Start of Block
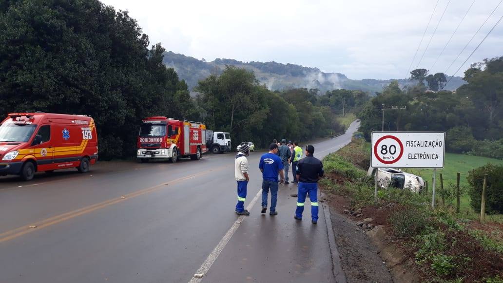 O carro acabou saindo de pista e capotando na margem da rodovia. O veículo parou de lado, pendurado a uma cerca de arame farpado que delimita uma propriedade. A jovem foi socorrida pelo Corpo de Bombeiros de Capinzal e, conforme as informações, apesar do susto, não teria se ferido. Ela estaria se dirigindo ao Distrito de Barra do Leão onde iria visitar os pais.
End of Block
Start of Block
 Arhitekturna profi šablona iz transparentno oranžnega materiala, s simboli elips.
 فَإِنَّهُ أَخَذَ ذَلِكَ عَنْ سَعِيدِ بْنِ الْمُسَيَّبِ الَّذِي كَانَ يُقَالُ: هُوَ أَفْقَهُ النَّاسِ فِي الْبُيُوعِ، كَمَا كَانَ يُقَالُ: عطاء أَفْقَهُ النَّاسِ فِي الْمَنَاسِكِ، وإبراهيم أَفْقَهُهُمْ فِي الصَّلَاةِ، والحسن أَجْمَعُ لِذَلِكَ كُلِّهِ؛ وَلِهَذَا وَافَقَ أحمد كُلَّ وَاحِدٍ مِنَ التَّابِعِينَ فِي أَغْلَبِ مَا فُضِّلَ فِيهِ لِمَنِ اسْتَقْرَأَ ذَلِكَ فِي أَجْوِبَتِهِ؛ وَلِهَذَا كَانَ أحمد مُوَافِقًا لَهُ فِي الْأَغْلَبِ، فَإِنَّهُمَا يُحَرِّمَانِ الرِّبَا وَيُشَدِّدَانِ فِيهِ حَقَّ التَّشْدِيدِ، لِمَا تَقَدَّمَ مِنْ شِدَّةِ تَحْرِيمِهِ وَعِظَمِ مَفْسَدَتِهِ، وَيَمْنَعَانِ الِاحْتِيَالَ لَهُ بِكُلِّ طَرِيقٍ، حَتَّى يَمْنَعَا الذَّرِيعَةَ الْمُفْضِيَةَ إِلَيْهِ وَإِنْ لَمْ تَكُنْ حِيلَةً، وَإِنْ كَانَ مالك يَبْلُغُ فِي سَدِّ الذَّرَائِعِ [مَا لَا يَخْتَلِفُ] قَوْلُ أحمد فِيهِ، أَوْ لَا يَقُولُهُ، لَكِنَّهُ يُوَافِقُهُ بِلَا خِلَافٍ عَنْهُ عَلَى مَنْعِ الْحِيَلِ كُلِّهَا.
End of Block
Start of Block
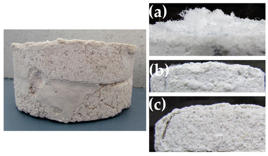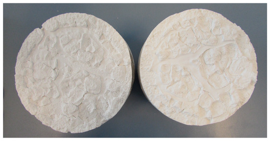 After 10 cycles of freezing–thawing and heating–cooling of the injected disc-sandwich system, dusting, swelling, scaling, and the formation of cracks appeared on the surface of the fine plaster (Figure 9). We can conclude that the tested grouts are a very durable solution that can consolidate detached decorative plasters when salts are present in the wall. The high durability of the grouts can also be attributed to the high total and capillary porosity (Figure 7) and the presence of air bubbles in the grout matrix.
End of Block
Activity -
Give an exact copy of the lines above from the line with "Arhitekturna profi šablona" up to and including the line with "فَإِنَّهُ أَخَذَ ذَلِكَ", and leave everything else out.

Answer area -
 Arhitekturna profi šablona iz transparentno oranžnega materiala, s simboli elips.
 فَإِنَّهُ أَخَذَ ذَلِكَ عَنْ سَعِيدِ بْنِ الْمُسَيَّبِ الَّذِي كَانَ يُقَالُ: هُوَ أَفْقَهُ النَّاسِ فِي الْبُيُوعِ، كَمَا كَانَ يُقَالُ: عطاء أَفْقَهُ النَّاسِ فِي الْمَنَاسِكِ، وإبراهيم أَفْقَهُهُمْ فِي الصَّلَاةِ، والحسن أَجْمَعُ لِذَلِكَ كُلِّهِ؛ وَلِهَذَا وَافَقَ أحمد كُلَّ وَاحِدٍ مِنَ التَّابِعِينَ فِي أَغْلَبِ مَا فُضِّلَ فِيهِ لِمَنِ اسْتَقْرَأَ ذَلِكَ فِي أَجْوِبَتِهِ؛ وَلِهَذَا كَانَ أحمد مُوَافِقًا لَهُ فِي الْأَغْلَبِ، فَإِنَّهُمَا يُحَرِّمَانِ الرِّبَا وَيُشَدِّدَانِ فِيهِ حَقَّ التَّشْدِيدِ، لِمَا تَقَدَّمَ مِنْ شِدَّةِ تَحْرِيمِهِ وَعِظَمِ مَفْسَدَتِهِ، وَيَمْنَعَانِ الِاحْتِيَالَ لَهُ بِكُلِّ طَرِيقٍ، حَتَّى يَمْنَعَا الذَّرِيعَةَ الْمُفْضِيَةَ إِلَيْهِ وَإِنْ لَمْ تَكُنْ حِيلَةً، وَإِنْ كَانَ مالك يَبْلُغُ فِي سَدِّ الذَّرَائِعِ [مَا لَا يَخْتَلِفُ] قَوْلُ أحمد فِيهِ، أَوْ لَا يَقُولُهُ، لَكِنَّهُ يُوَافِقُهُ بِلَا خِلَافٍ عَنْهُ عَلَى مَنْعِ الْحِيَلِ كُلِّهَا.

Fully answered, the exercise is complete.